According to the company, the realignment entails scaling down or discontinuing specific activities, initiatives, products and subsidiaries to streamline operations and reallocate capital and talent toward higher-priority initiatives. The move is expected to produce pre-tax restructuring charges in the range of $30 million to $35 million, primarily tied to severance and related benefits.

Wix lowered its fiscal 2026 guidance in light of the changes. Bookings growth was revised from the prior mid-teens percentage expectation to a low-teens percentage range, while revenue growth was cut from mid-teens to a low- to mid-teens percentage pace. Management quantified the reductions as approximately $50 million less in bookings and roughly $25 million less in revenue for fiscal 2026.

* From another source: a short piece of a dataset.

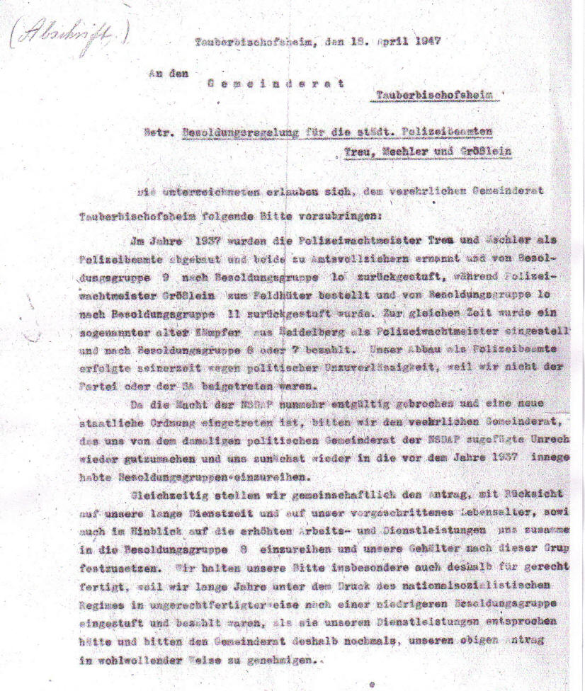 Nach dem 2. Weltkrieg versuchte Josef Treu vergeblich die Rückversetzung
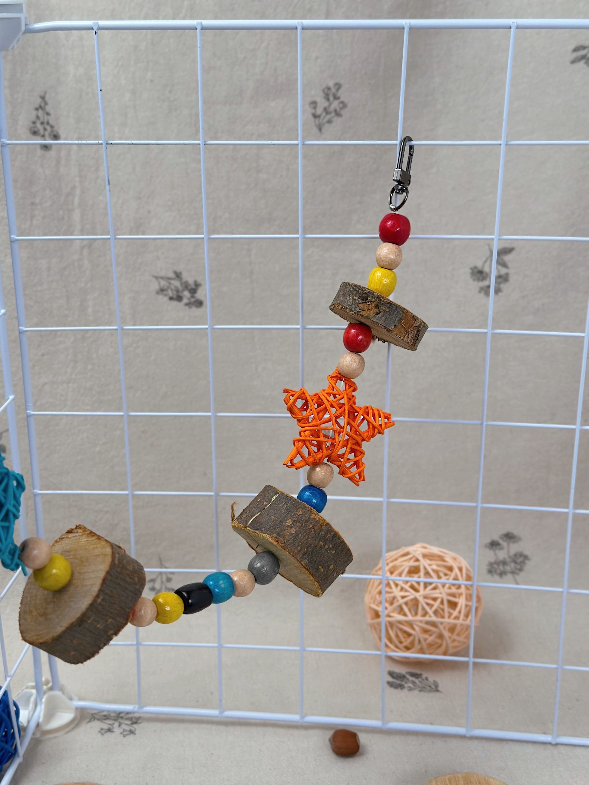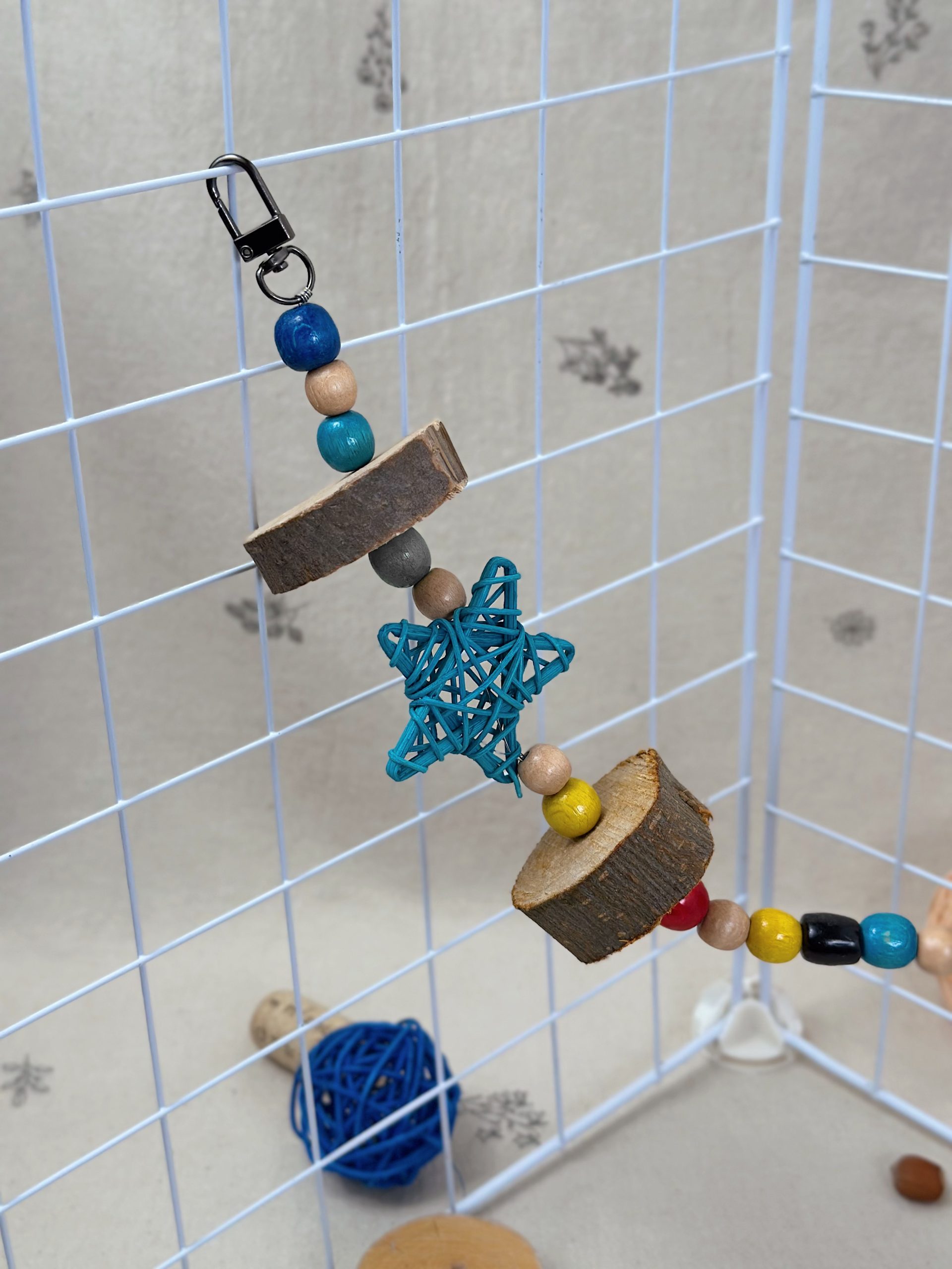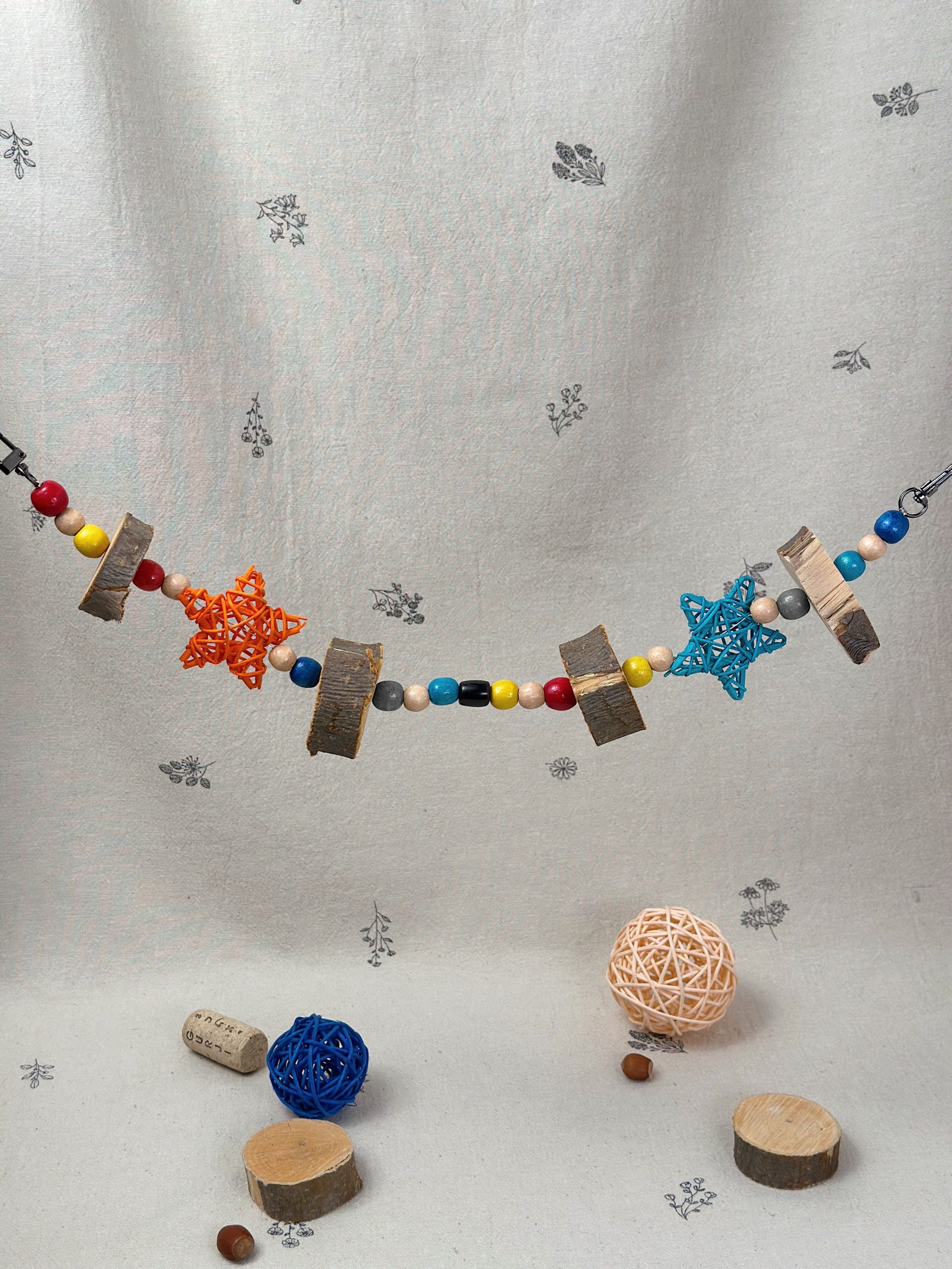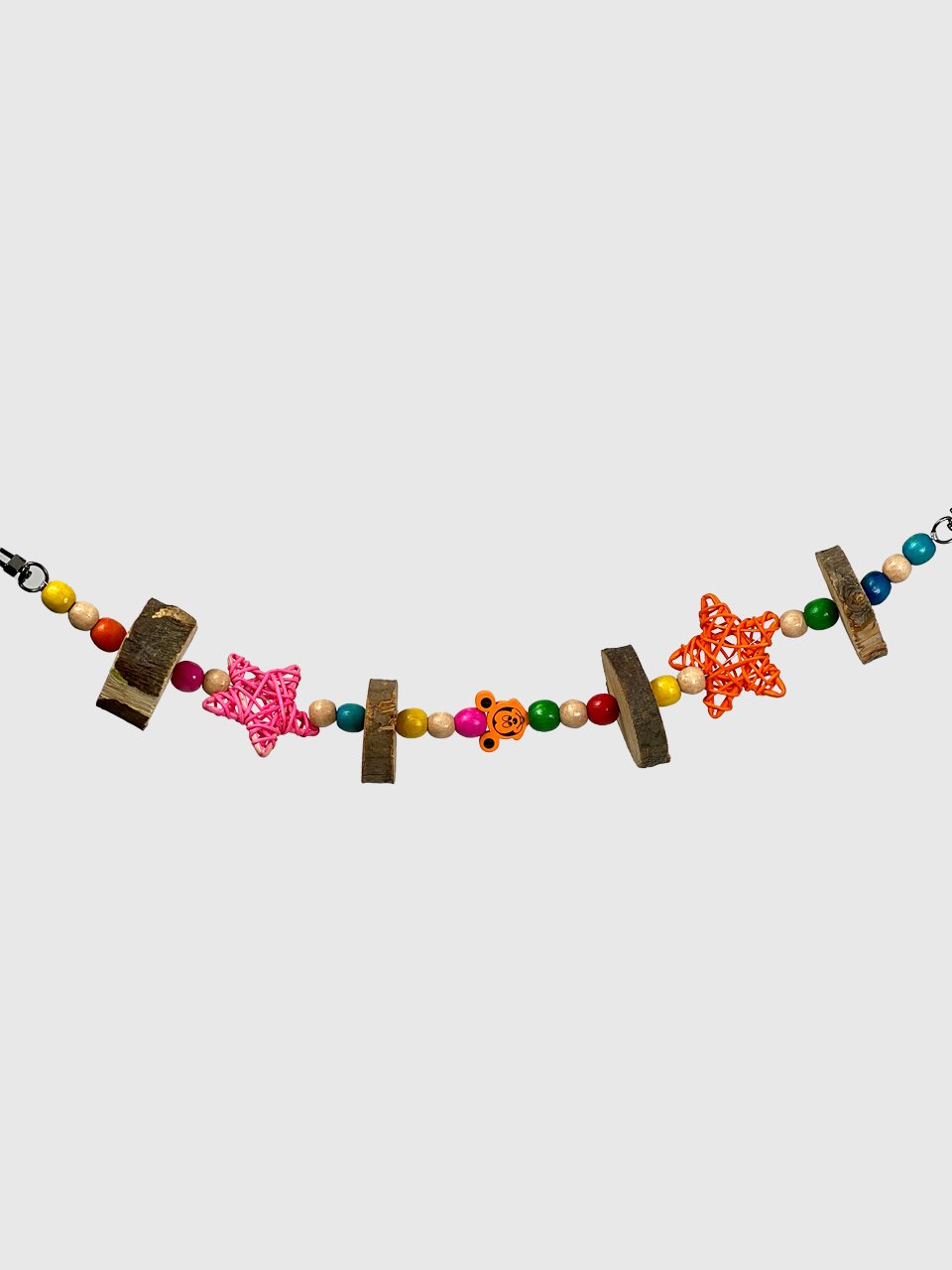 За рахунок натуральних деревʼяних кілець яблуні, деревʼяних бусін та ротангових кульок, іграшка не тільки приваблює гострі зубки гризунів, а й створює атмосферу затишку та краси в клітці ваших малюків ✨

The company said the weaker near-term performance reflects both the planned organizational changes and an unexpected slowdown in its Partners business during late May and early June that exceeded prior expectations. Wix noted that two product lines - Wix Harmony and Base44 - continue to perform in line with the assumptions that underpinned guidance issued with its first-quarter earnings.

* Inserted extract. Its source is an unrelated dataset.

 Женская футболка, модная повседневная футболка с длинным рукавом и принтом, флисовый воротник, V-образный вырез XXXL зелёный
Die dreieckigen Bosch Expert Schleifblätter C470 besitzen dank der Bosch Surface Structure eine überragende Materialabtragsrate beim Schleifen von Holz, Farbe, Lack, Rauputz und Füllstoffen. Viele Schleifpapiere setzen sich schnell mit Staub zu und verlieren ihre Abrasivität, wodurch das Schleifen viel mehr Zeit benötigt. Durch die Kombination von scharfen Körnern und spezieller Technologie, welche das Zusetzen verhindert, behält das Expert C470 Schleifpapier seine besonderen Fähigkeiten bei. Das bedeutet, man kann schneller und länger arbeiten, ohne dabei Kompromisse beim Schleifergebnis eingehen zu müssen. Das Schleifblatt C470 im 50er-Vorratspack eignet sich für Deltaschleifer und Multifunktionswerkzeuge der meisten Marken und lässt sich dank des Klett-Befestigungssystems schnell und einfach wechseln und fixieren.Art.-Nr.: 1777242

On the cost side, management expects the realignment to yield about $70 million in non-GAAP cost savings in 2026, with a full-year run rate of roughly $150 million as lower payroll and overhead expenses take effect. Excluding acquisition and restructuring costs, Wix projects free cash flow of about $420 million for the year, an increase of $20 million versus previous plans. The company also said it will maintain its free cash flow margin guidance in the high-teens percentage range.

Most of the restructuring charges are expected to be recorded in the second quarter of 2026, with cash outlays for those charges anticipated in the second half of the year. Management framed the changes as a reallocation intended to concentrate investment on strategic priorities while lowering ongoing cost levels through reduced payroll and overhead.


Contextual note: The company has communicated specific numerical impacts and timing for charges, expected savings, and revised bookings and revenue figures as part of this reorganization. No additional details beyond those published by the company were provided.

Risks

  • Short-term financial impact from $30-35 million in pre-tax restructuring charges and the expected $25 million revenue reduction could pressure margins and investor sentiment - sectors affected include technology and software.
  • A slowdown in the Partners business in late May and early June that exceeded expectations introduces execution risk for channel-dependent revenue streams - this affects partner ecosystems and services tied to platform distribution.
  • Cash payments for most restructuring costs are expected in the second half of 2026, creating timing risk around cash flow and expense recognition despite the company maintaining its free cash flow margin guidance.